Dreaming of Mom

momandkayI was so happy when I woke up from a dream where mom didn’t have dementia. They started after mom died, and I hadn’t realized that for the last few years of mom’s life, she always had dementia in my dreams.

For the first time since mom passed away, I had a dream about her with dementia. Oh, it was awful and when it flooded back into my brain in the shower, I spent a few minutes crying it out. It’s been ten months since she passed. As sad as it was to absorb her death, I was also thankful.

Yes. I tell you that with some guilt. However, I know that my mom had hoped she wouldn’t have to live with dementia as she watched happen to her own mom. The odd thing was as my mom moved deeper and deeper into dementia, how hard she fought to live after each set-back. She never really bounced back and with each issue became more frail and in need of more care.

I’m perplexed by how we will get better at this as a society. The right to life movement doesn’t apply to people with dementia. It’s important to have those individuals who would step in to help you understand your wishes and beliefs completely because they will have to make choices you can never imagine nor can prior guidance cover. Statistically, 9 out of 10 of us will need someone to make choices about our last days on this earth.

I had choices to make and am thankful my siblings agreed with the final choices we needed to make on mom’s behalf. We knew she didn’t want to extend the qualify of life she was living so worked with the medical team to offer her a comfortable ending. I still carry some baggage and know much of it is still part of my grief.

I still miss her and I know that while the pain may subside, the loss will never truly heal. Changed. 

 

 

 

 

 

8 thoughts on “Dreaming of Mom

  1. Strangely my husband had a dream about my father recently. He says it’s the first time he has dreamt of him since his death almost two years ago. In the dream dad had dementia and was lost and my husband woke in a terible panic.
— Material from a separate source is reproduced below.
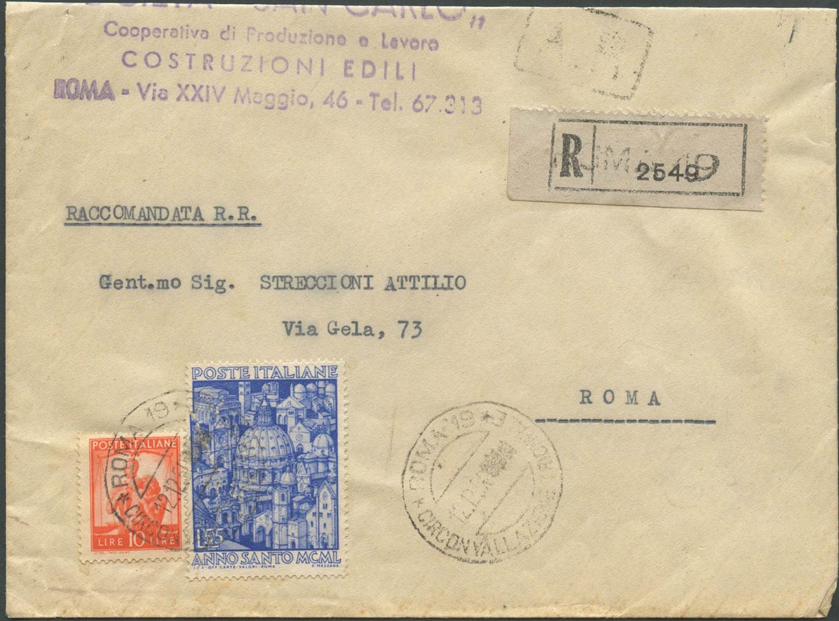 Lettera Raccomandata Da Roma per Città del 12 Dic 1950 in Tariffa da 65L. (20L. + 45L. per la raccomandazione) con affrancatura composta da ''Democratica 10L. N.559, ''Anno Santo'' 55L. N.621.

      1. The brain works in its own mysterious way. I think we’re not very good at allowing ourselves to take as long as necessary to grieve. It’s almost as though society gives us a certain length of time then we should tidy all the tangle of emotions away, whether we are ready to do so or not.
        I hope you go back to dreaming of your mum without dementia.

  2. Kay, I still share many of the same feelings as you do with my Mom’s passing over seven years ago. This experience is traumatic and it changes you after being forced to witness it in a loved one. We may always feel this way, but I hope that time will heal these wounds some.